HOW TO COMPLETE THIS TASK —
Output every line below as it stands, dropping only the images.
=-=-=-=-=
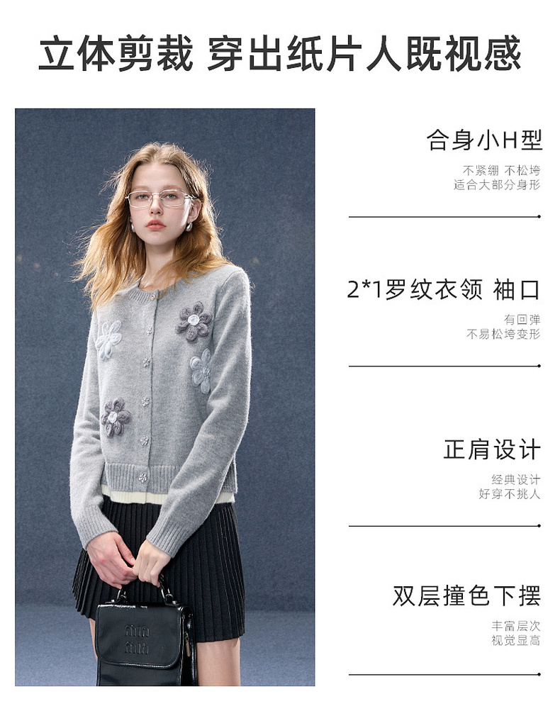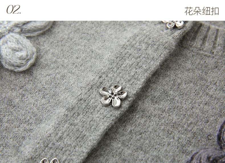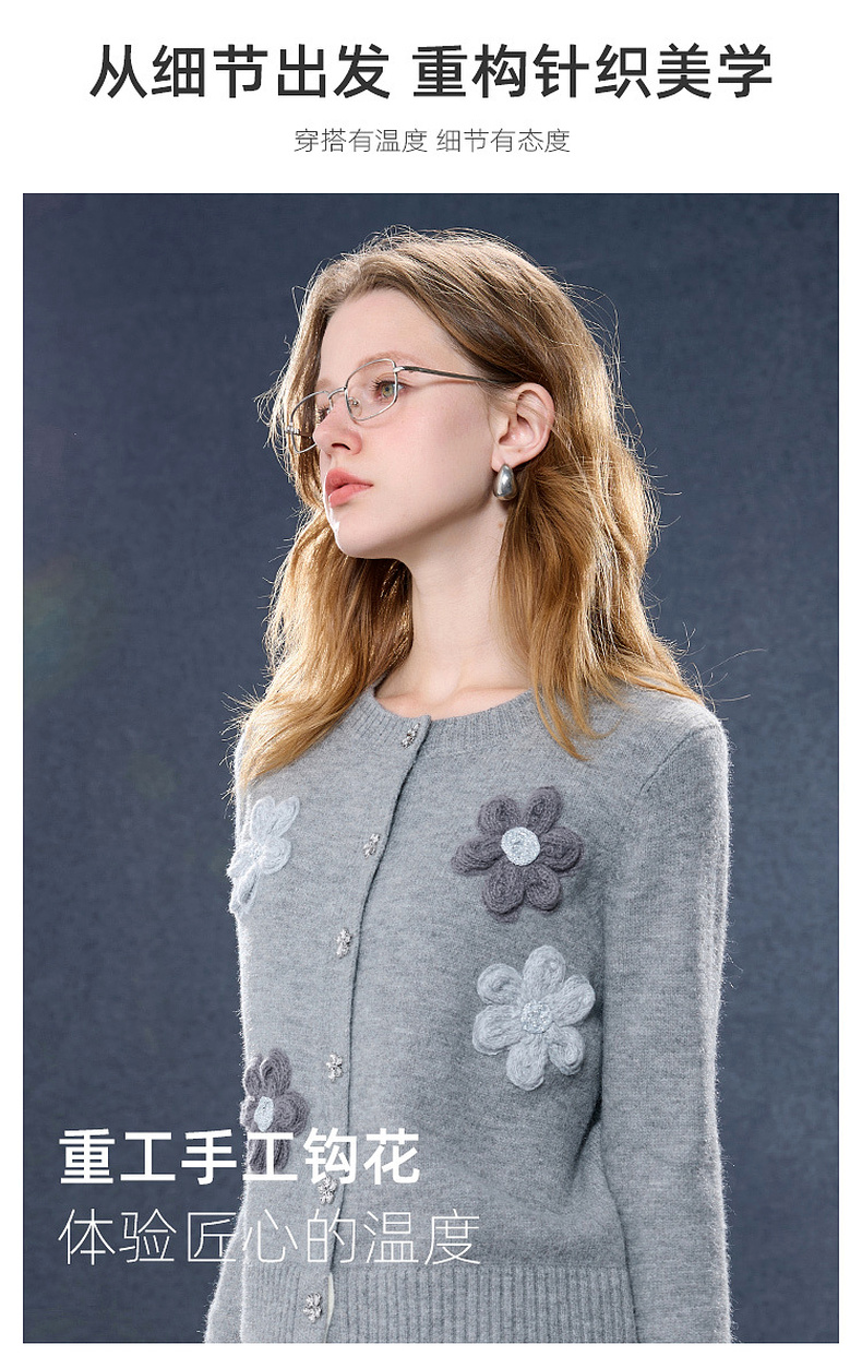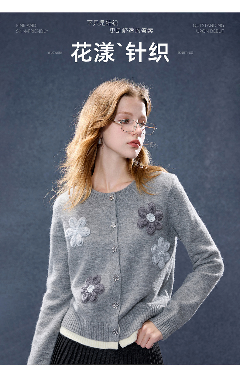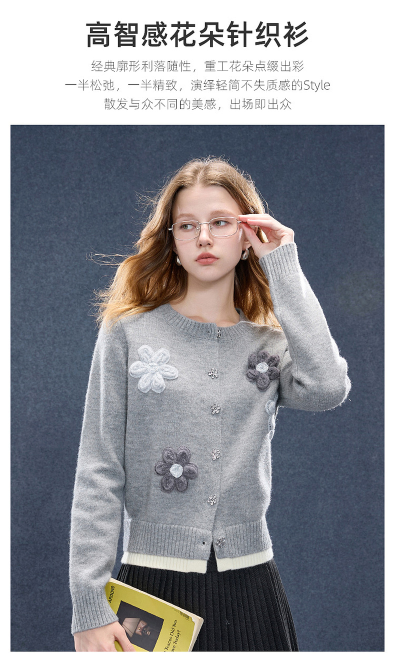 三彩2026春季新款手工花朵开衫针织衫圆领毛衫休闲上衣简约M
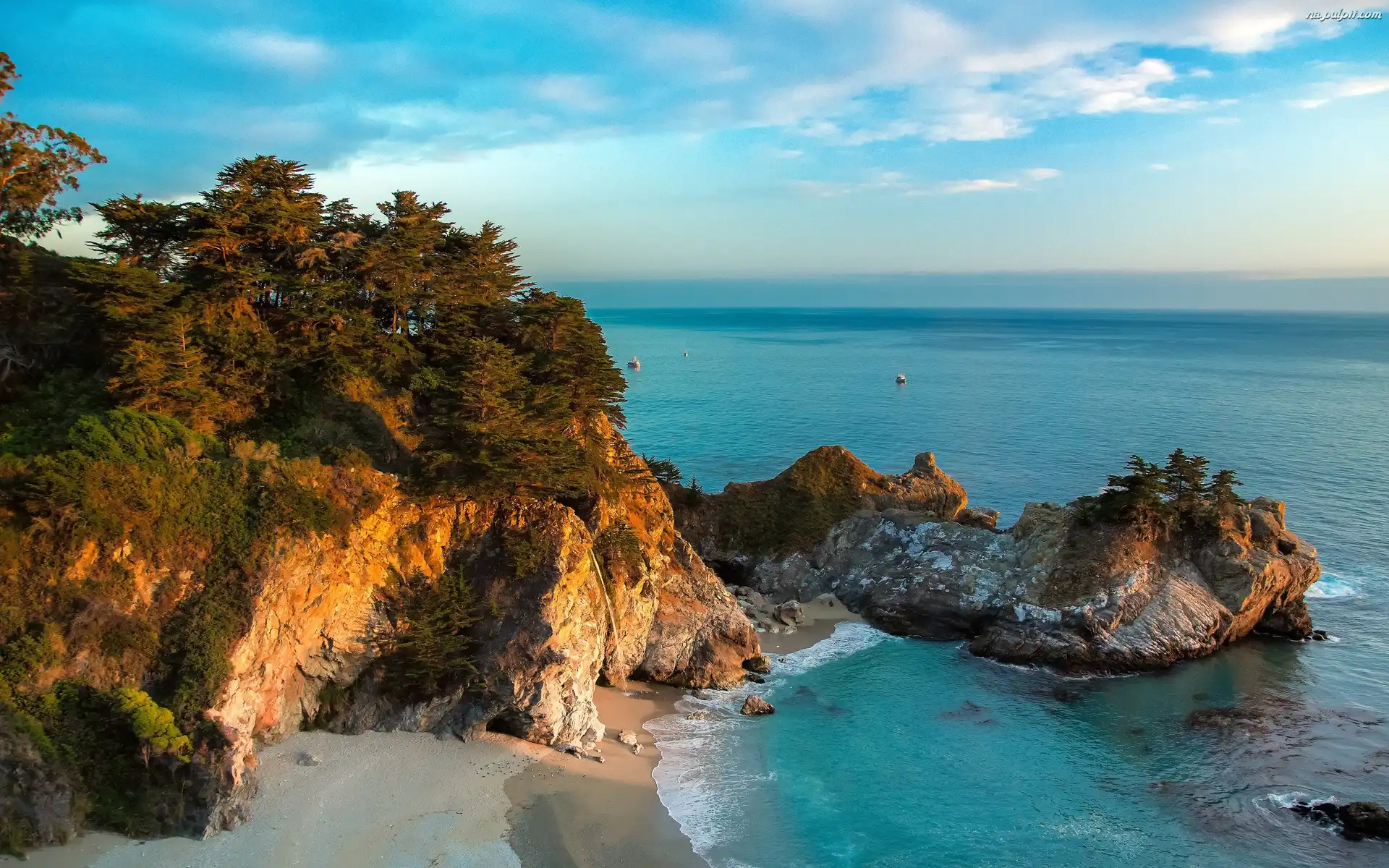 Drzewa, Morze, Brzeg, Skały Na Pulpit
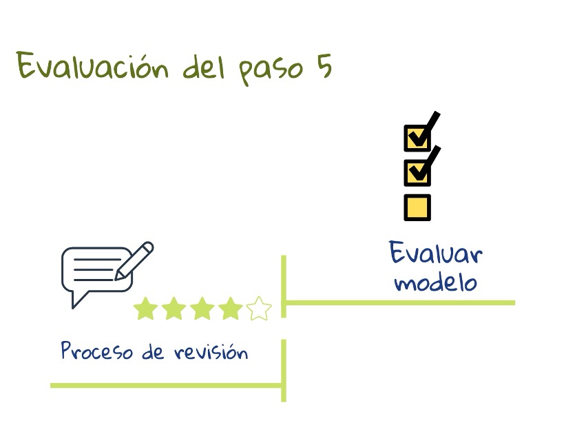 Durante la etapa de modelado, cada modelo puede ser ajustado para precisión de predicción en el conjunto de datos de entrenamiento. Luego los modelos son probados en el conjunto de prueba y se elige un modelo para su uso. Este modelo también es evaluado en cómo cumple con las necesidades educativas: ¿Se cumplen los objetivos establecidos en el paso 1? ¿Hay algún problema imprevisto? ¿Es la calidad buena? ¿Podría algo ser mejorado o hecho de otra manera? ¿Se necesita un rediseño? El objetivo principal es decidir si la aplicación puede ser desplegada en los espacios educativos. Si no, todo el proceso se repite2.
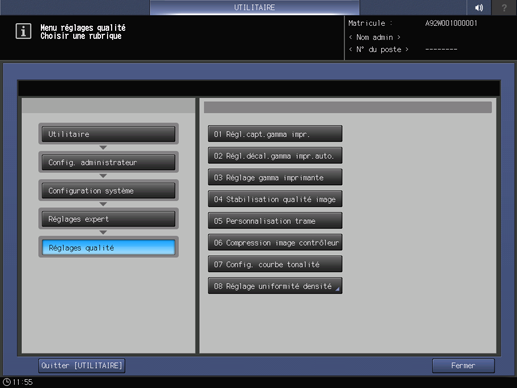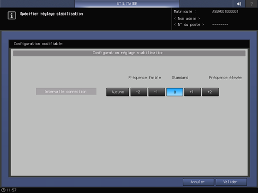 Appuyez sur Configuration système dans le menu Réglage administrateur et appuyez consécutivement sur Réglages expert, Réglage qualité et Stabilisation qualité image.
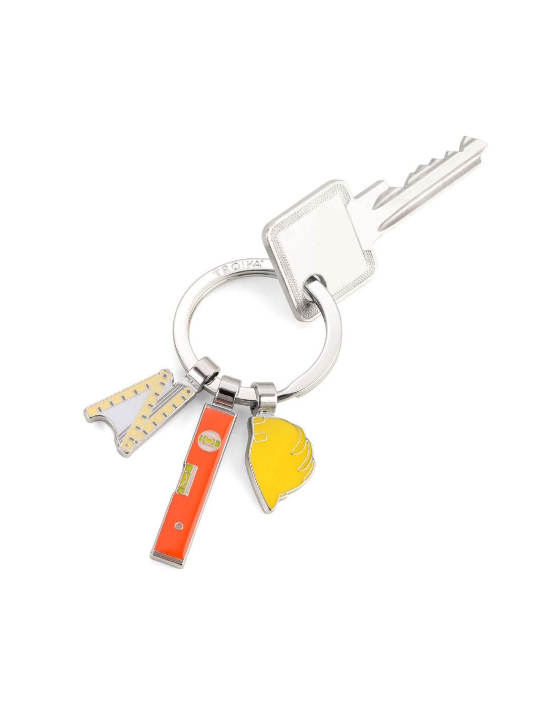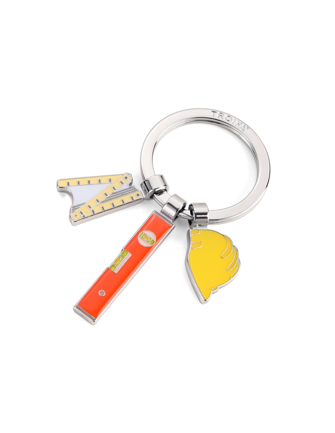Porte-clés avec 3 breloques, mètre pliant, niveau à bulle et casque de chantier, émail, fonte métallique, chrome, brillant, argenté/jaune/orange
=-=-=-=-=
RESULT FOR THIS TASK —
 三彩2026春季新款手工花朵开衫针织衫圆领毛衫休闲上衣简约M
 Drzewa, Morze, Brzeg, Skały Na Pulpit
 Durante la etapa de modelado, cada modelo puede ser ajustado para precisión de predicción en el conjunto de datos de entrenamiento. Luego los modelos son probados en el conjunto de prueba y se elige un modelo para su uso. Este modelo también es evaluado en cómo cumple con las necesidades educativas: ¿Se cumplen los objetivos establecidos en el paso 1? ¿Hay algún problema imprevisto? ¿Es la calidad buena? ¿Podría algo ser mejorado o hecho de otra manera? ¿Se necesita un rediseño? El objetivo principal es decidir si la aplicación puede ser desplegada en los espacios educativos. Si no, todo el proceso se repite2.
 Appuyez sur Configuration système dans le menu Réglage administrateur et appuyez consécutivement sur Réglages expert, Réglage qualité et Stabilisation qualité image.
Porte-clés avec 3 breloques, mètre pliant, niveau à bulle et casque de chantier, émail, fonte métallique, chrome, brillant, argenté/jaune/orange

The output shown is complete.